Records drawn from a dataset:
=== Begin Enclosure ===

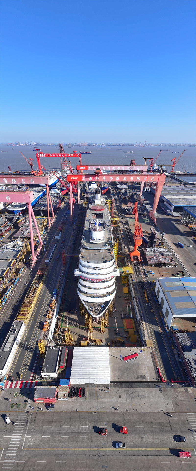 該船從入塢總裝搭載到全船貫通,用時不到9個月,較首制船“愛達·魔都號”縮短了2個多月,建造速度比肩歐洲頂尖大型郵輪建造企業,標志著中國船舶工業在初步掌握設計建造關鍵核心技術的同時,向著系列化、精益化和高效化建造的大型郵輪2.0目標又邁出了堅實的一步。
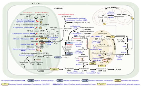- Maeda, H.; Dudareva, N. The Shikimate Pathway and Aromatic Amino Acid Biosynthesis in Plants. Annu. Rev. Plant. Biol. 2012, 63, 73–105. [Google Scholar] [CrossRef]
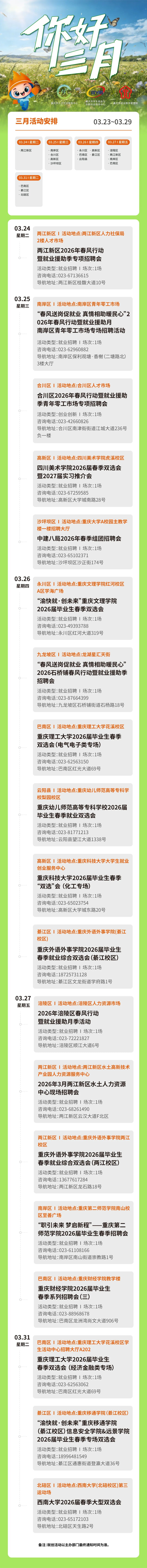 一大波岗位来了!本周19场大学生就业创业活动来了→ 重庆发布 重庆市人民政府新闻办公室官方账号 03.2311:04 关注 本周大学生就业创业活动全面启动全市共有19场大学生就业创业活动包括四川美术学院等多所高校的春季双选会一起来看
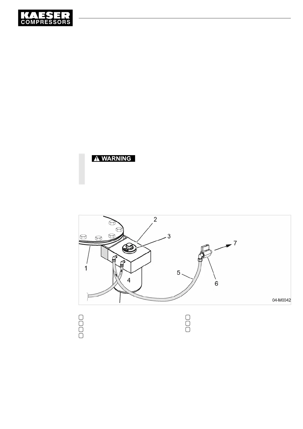 Beneath the respective drain plugs for the separator tank and oil cooler, engine oil sump, radiator
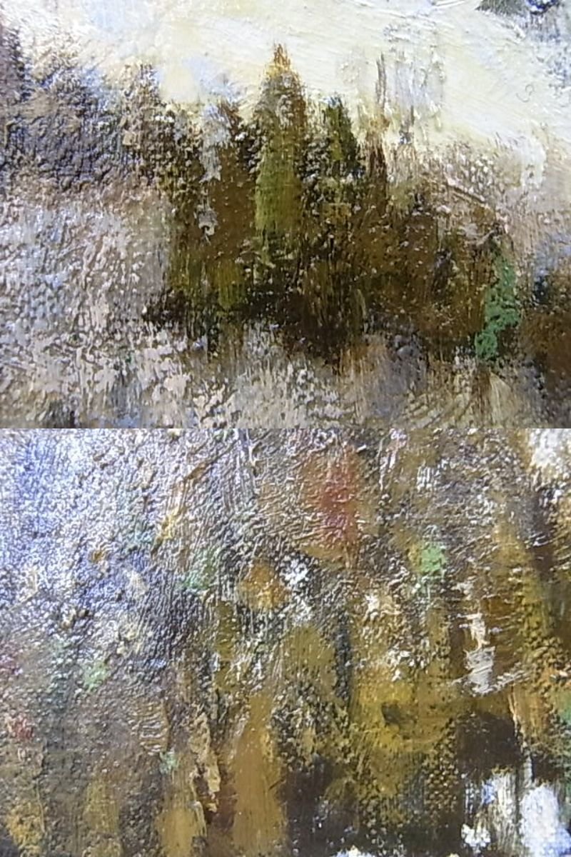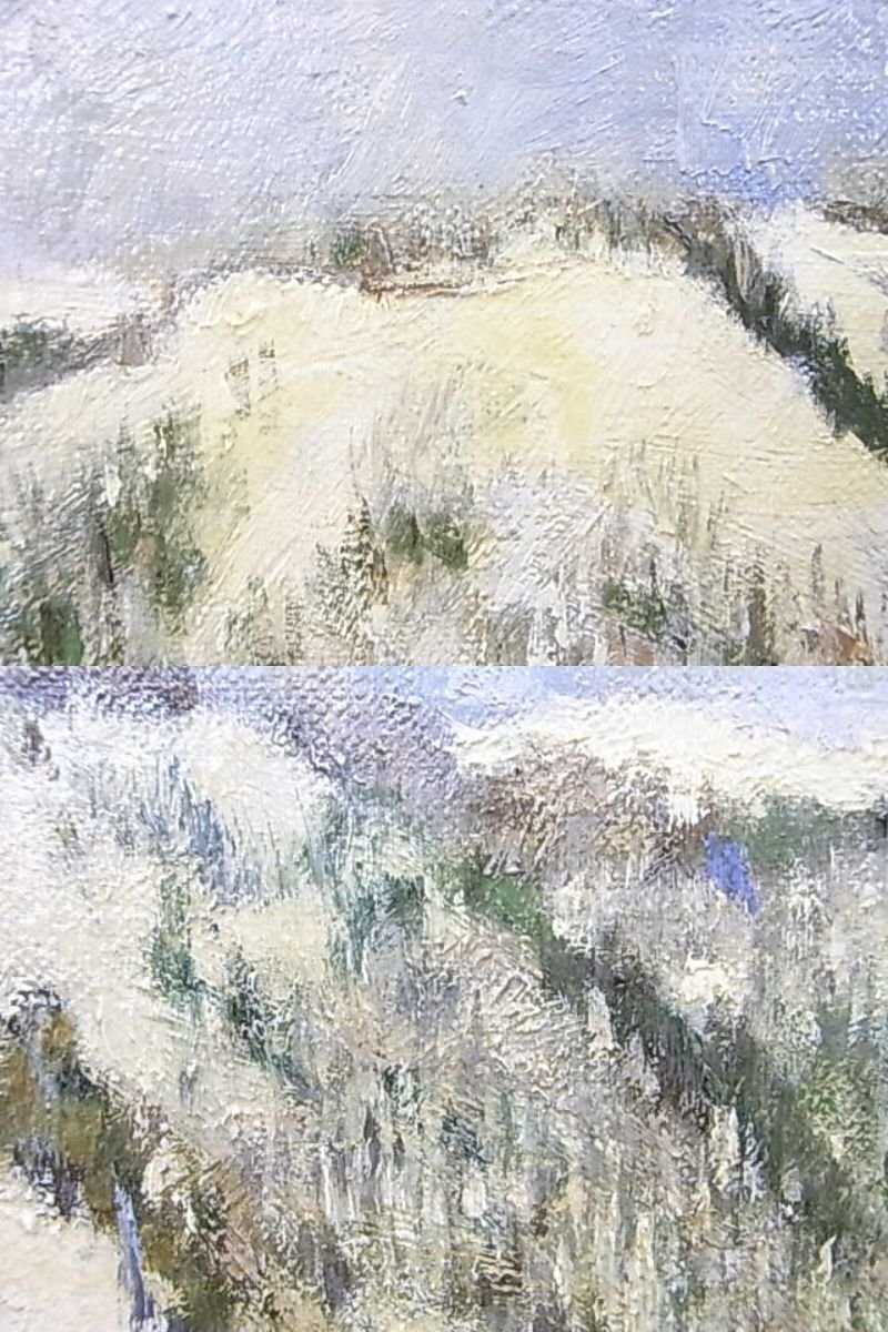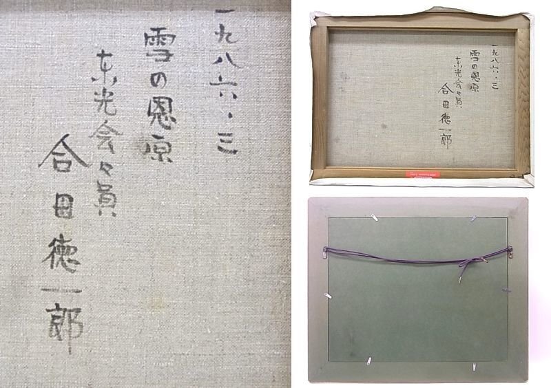 e09773 真作保証 油彩 風景画 合田徳一郎 「雪の恩原」 額縁
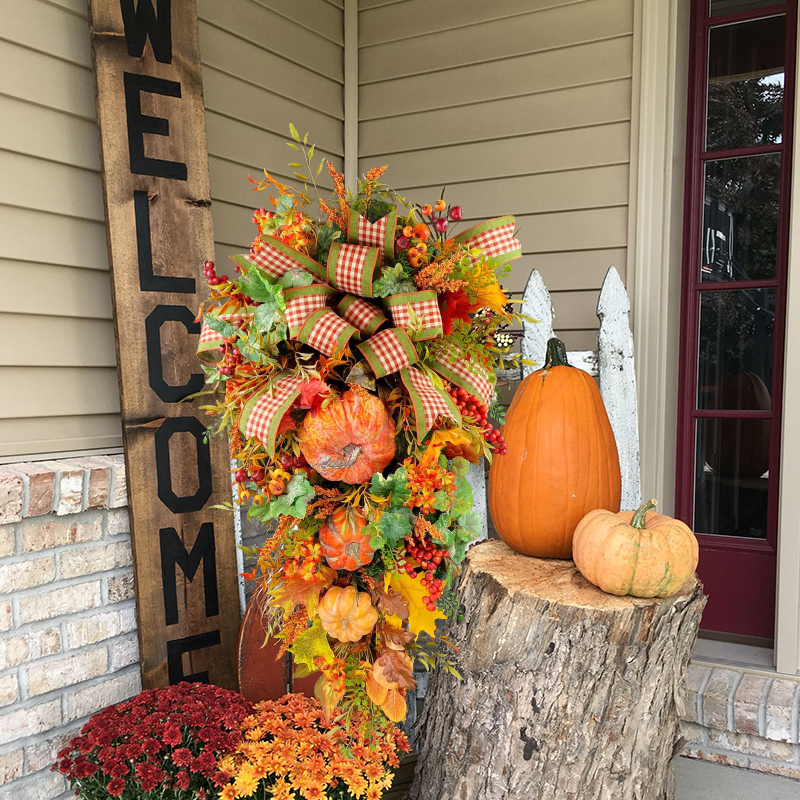 Large Fall Pumpkin Wreath-Year Round Wreath
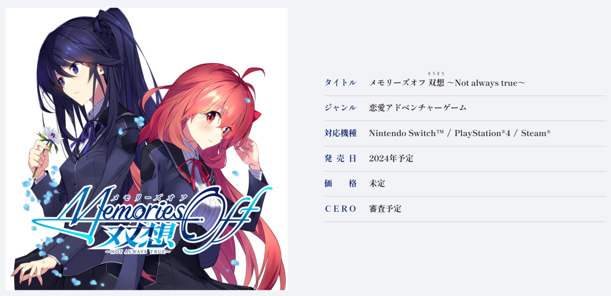 今日 ( 5/7 ) 官方突襲宣布,將推出 25 周年的紀念作品《告別回憶 雙想 ~Not always true~》( メモリーズオフ 双想 ~Not always true~ ) ,預定將於 2024 年正式發行,將登上 Switch / PlayStation4 / Steam 平台。
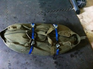 So I decided to modify an old sandbag. I combined the sand from a lighter bag to make this one extra heavy. With the extra weight, there’s no way I could grip the sides of the bag to lift it. That’s why I used some ratcheting straps for handles and because the ones sewn on would easily rip off. I also duct taped the hooks to keep them from opening up while raising or lowering the bag.
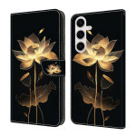Elegant plånboksfodral till Samsung Galaxy S26 Plus med raffinerat gyllene lotusmotiv. Klaffdesign med integrerat vikbart stativ, 2 kortfack och sedelfack. Säker magnetisk stängning för optimalt skydd.
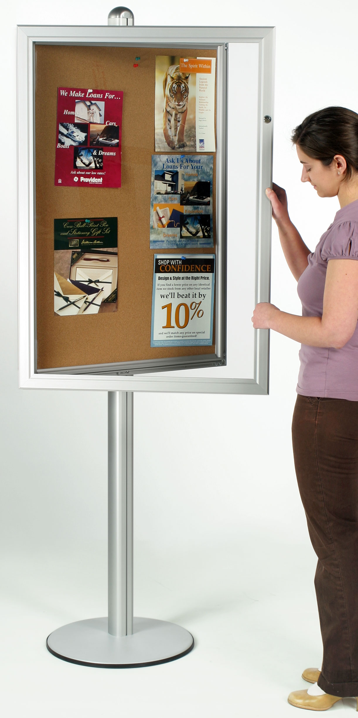 This enclosed bulletin board is ideal in schools and universities. It is also popular in hotel & bank lobbies, business offices and in restaurants. This floor standing display, the enclosed bulletin board features a cork board display surface and two locks. This combination gives you a unique, easily changed and tamper proof display board.
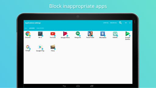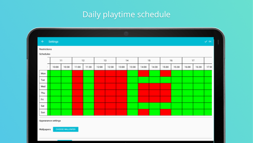 interface allows you to flexibly set up the hours, days and time that will be available for your child to use the tablet or smartphone. Moreover, children will be able to access only those applications and games that you consider to be useful and safe.

=== End Enclosure ===

## What the task asks
I would like the exact lines from the data above, starting with the one that holds "e09773 真作保証 油彩 風景画 合田徳一郎 「雪の恩原」 額縁" and going on through the one that holds "今日 ( 5/7 ) 官方突襲宣布,將推出", without the pictures.

## Solution
 e09773 真作保証 油彩 風景画 合田徳一郎 「雪の恩原」 額縁
 Large Fall Pumpkin Wreath-Year Round Wreath
 今日 ( 5/7 ) 官方突襲宣布,將推出 25 周年的紀念作品《告別回憶 雙想 ~Not always true~》( メモリーズオフ 双想 ~Not always true~ ) ,預定將於 2024 年正式發行,將登上 Switch / PlayStation4 / Steam 平台。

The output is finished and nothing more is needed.